----- Data -----
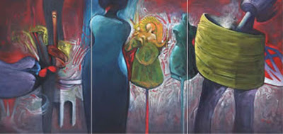 Jorge Chalco (1950-), ecuatoriano. Sus pinturas abarcan desde lo crítico social de denuncia, lo imaginativo con los personajes más diversos, hasta lo abstracto. Con el empleo de diferentes técnicas, muestra un sobresaliente dominio del color creando una obra de importancia dentro del arte latinoamericano.
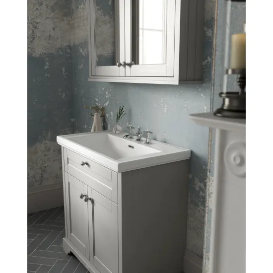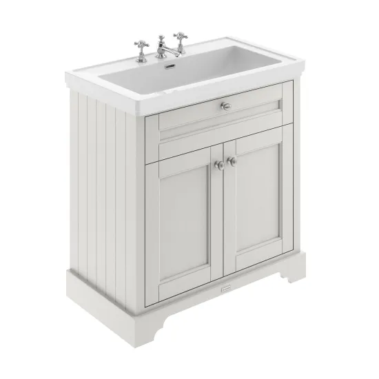 Hudson Reed Old London 800mm Storm Grey Floor Standing 2 Door Vanity Unit With 3 Tap Hole Grey Marble Top Basin
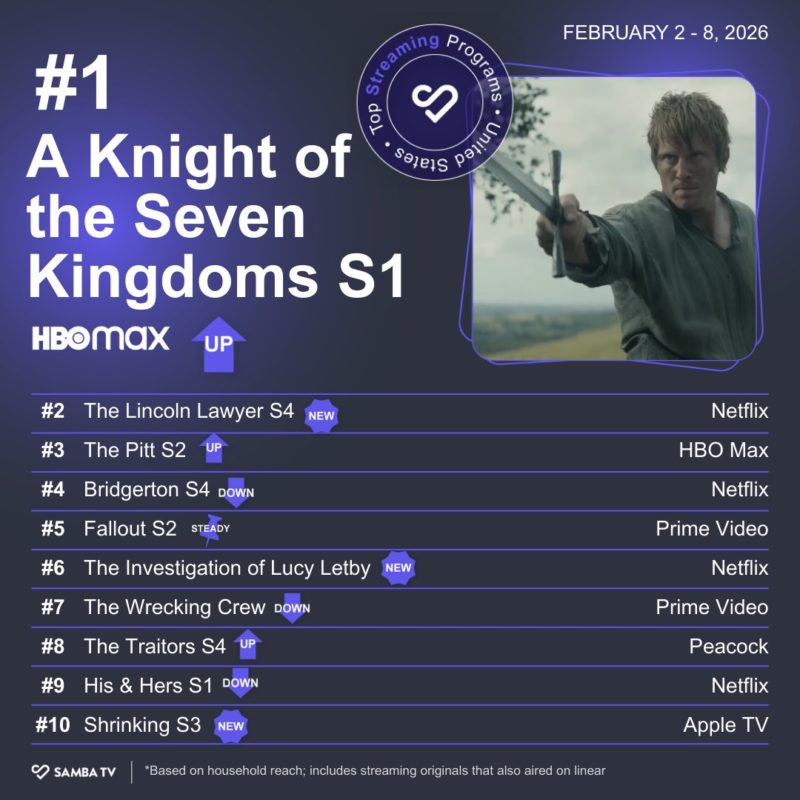 Samba TV: ‘A Knight of the Seven Kingdoms’ Tops Weekly Streaming Viewership Through Feb. 8
-----
What this task involves:
Restate the whole of the material word for word without the pictures.

Output for this task:
 Jorge Chalco (1950-), ecuatoriano. Sus pinturas abarcan desde lo crítico social de denuncia, lo imaginativo con los personajes más diversos, hasta lo abstracto. Con el empleo de diferentes técnicas, muestra un sobresaliente dominio del color creando una obra de importancia dentro del arte latinoamericano.
 Hudson Reed Old London 800mm Storm Grey Floor Standing 2 Door Vanity Unit With 3 Tap Hole Grey Marble Top Basin
 Samba TV: ‘A Knight of the Seven Kingdoms’ Tops Weekly Streaming Viewership Through Feb. 8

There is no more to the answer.